The council unanimously approved initiating an amendment to the zoning ordinances, which City Planner Don Neu said, could take up to six months.

The move came after a controversial decision in May denied Lisa Gunther, owner of Gunther Guns, a Conditional Use Permit to operate a shooting range.

Neu denied the permit because shooting ranges aren’t expressly listed in the city’s regulations, which he interpreted as meaning they were not allowed.

Gunther appealed his denial of the permit to the Planning Commission, which had a tie vote.

The tie vote upheld Neu’s decision, which then went in front of council, which voted to uphold Neu’s decision.

After the meeting in May, the council directed staff to look into changing the ordinances to eventually allow a range in the industrial zones.

Gunther asked the council to speed up the process.

“We realize in the overall schemes of projects in Carlsbad that this may seem to be a rather small issue in the city but as a small business, it’s a big issue for us,” said Gunther.

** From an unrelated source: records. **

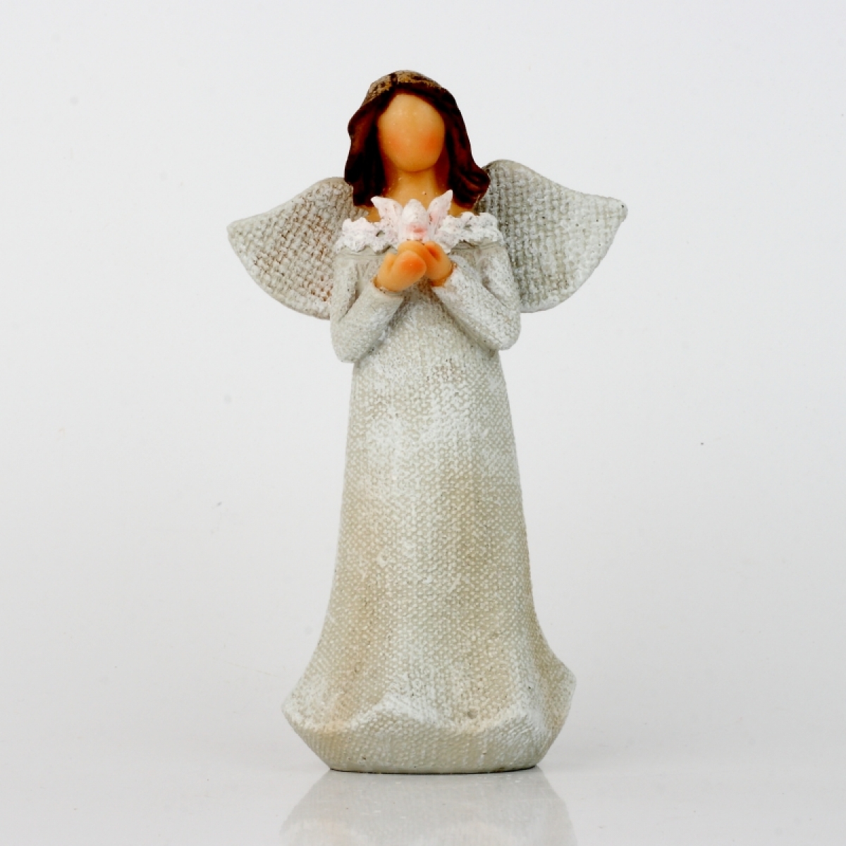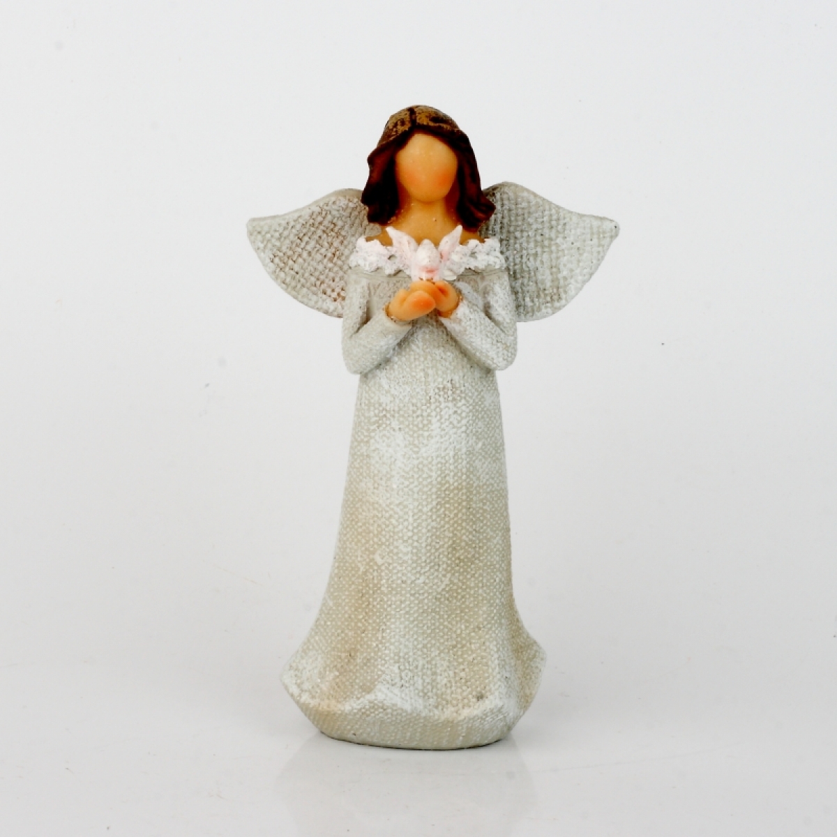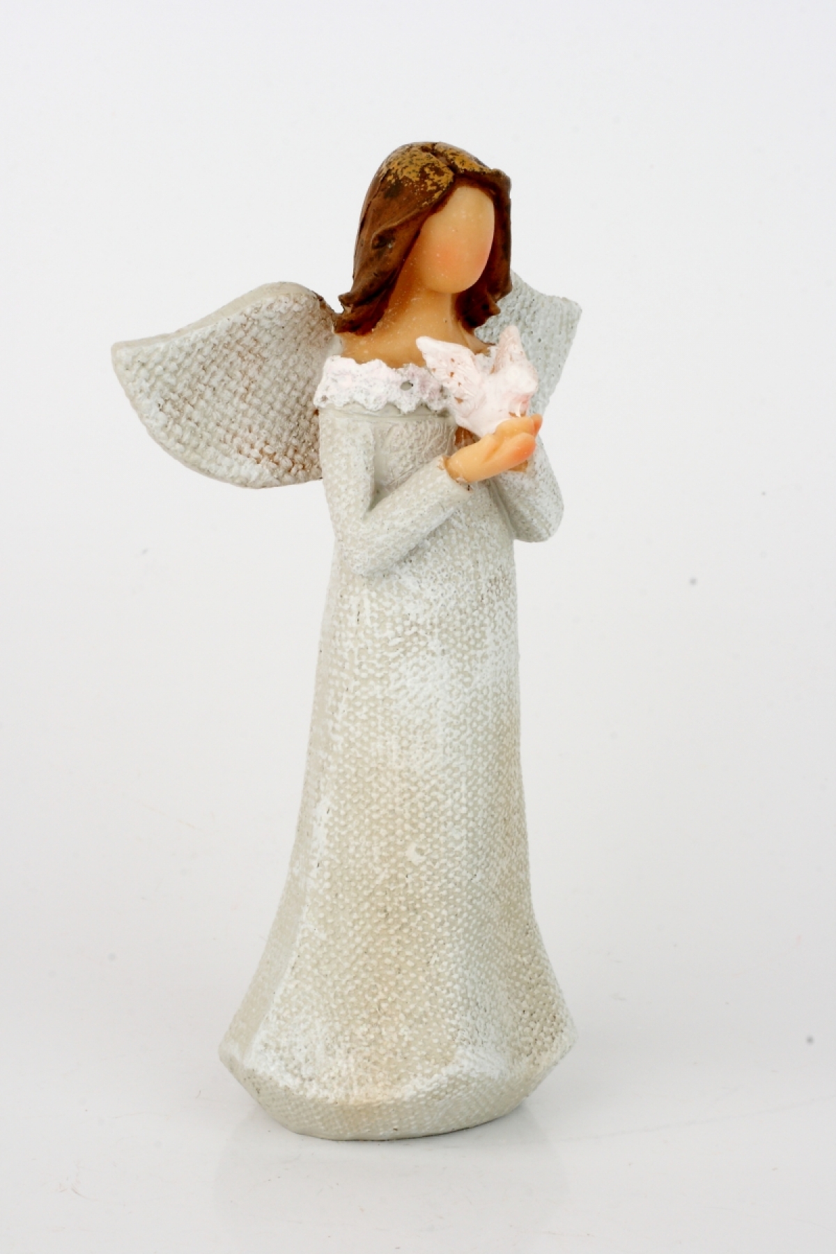 Anjel v šatách s čipkou a holubicou 14cm
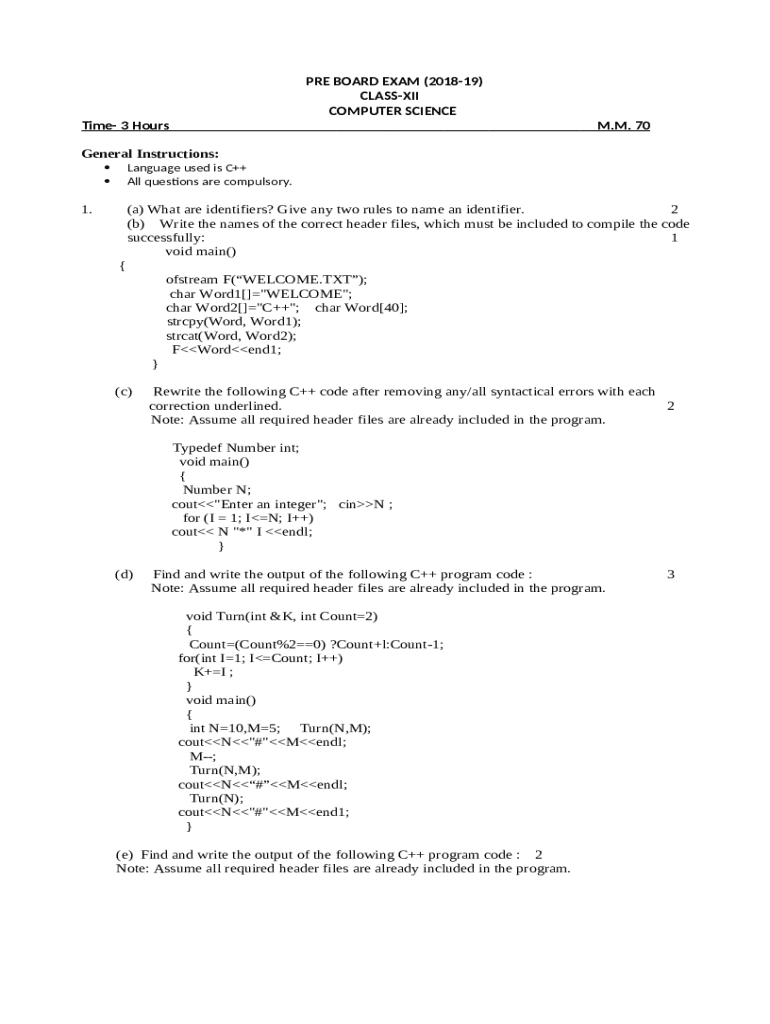 - Get the Class XII Computer Science (083) Sample Question Paper ... form in PDFfiller’s catalogue.
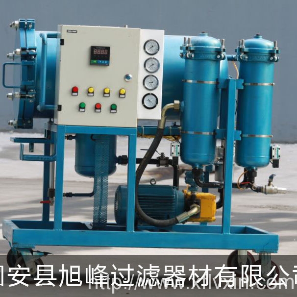 油液首先从初过滤器滤除油液中的颗粒后,进入聚结分离器中,油液通过过滤、聚结、沉降分离四个过程,实现脱出水分的功能,*后输出净化油。沉降在积水槽中的水通过积水槽上的放水阀排除。同时可根据油质的情况选择油液直接通过过滤器滤除油液中的颗粒污染物,输出净化油。
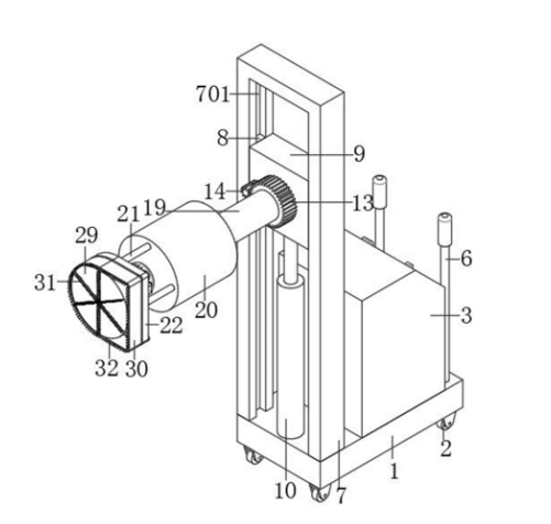 本实用新型涉及工业设备清理设备领域,具 体涉及一种工业互联网显示大屏表面除灰设备, 包括底座、固定杆和电机支架,底座底端四角处 对称设置滚轮,底座顶端中部设置控制箱,控制 箱上端右侧前后分别设置电机开关和液压杆开 关,底座顶端左侧固定安装门型支架,门型支架 前后两侧对称设限位滑槽,限位滑槽内滑动连接 限位滑块,两对称设置的限位滑块内侧端分别固 定连接固定座的前后两侧,固定座底端固定连接 液压杆的伸缩端,液压杆固定端底部固定连接在 底座顶端,固定座左侧中部设圆台型转动槽,本 实用新型通过驱动和调整结构,能够使显示屏的 清灰效果更好,清灰效率也更高,其整体结构简 单合理,操作方便,值得现市场作推广使用。
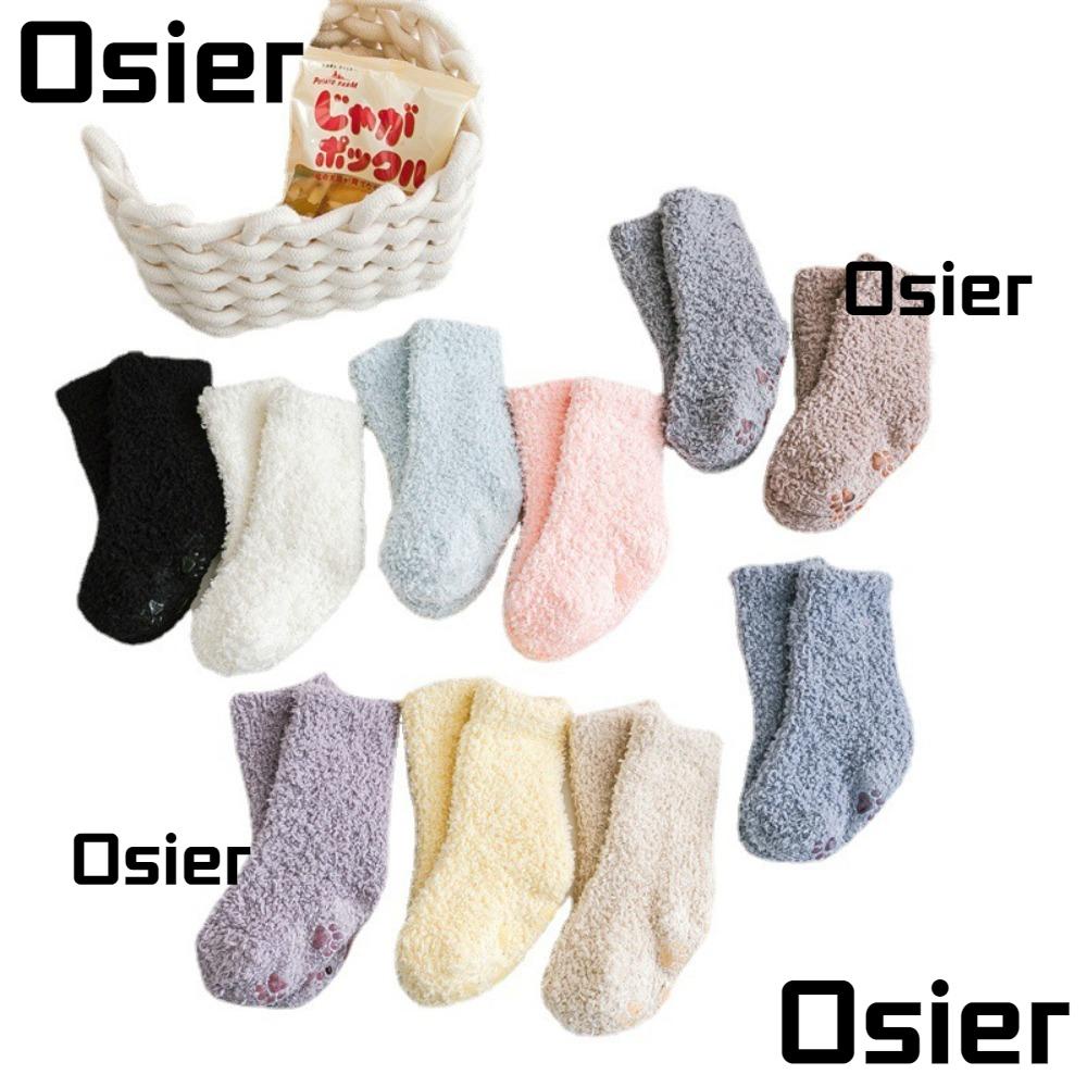 Osier1 ถุงเท้า ผ้าฟลีซ ผ้ากํามะหยี่ขนนิ่ม กันลื่น ระบายอากาศ น่ารัก สําหรับเด็กวัยหัดเดิน

Mayor Matt Hall agreed and asked staff to speed up the process.

“To me, I would like to see this done much sooner than later,” Hall said.

Neu said it takes time because staff must first draft the amendment and then it needs to undergo a California Environmental Quality Act review, which takes 30 days.

Then, the amendment must go in front of the Planning Commission, which requires a notification process.

One way Neu said staff could speed up the process is by not allowing ranges in the coastal zone because then the amendment change would be required to undergo review from the California Coastal Commission.

The council thanked staff and clarified that the reason the gun range was denied wasn’t a Second Amendment issue.

“It’s clearly not a Second Amendment issue, it’s a land use issue. This is a use we haven’t contemplated in the city and one of the things that makes Carlsbad such a great place to live is that it has been well thought out, the location and placement of residential and commercial uses,” said Councilmember Michael Schumacher.

If shooting ranges are approved in the industrial zone in the city, which is surrounding Palomar Airport Road, companies would still need to apply and get approval for a conditional use permit.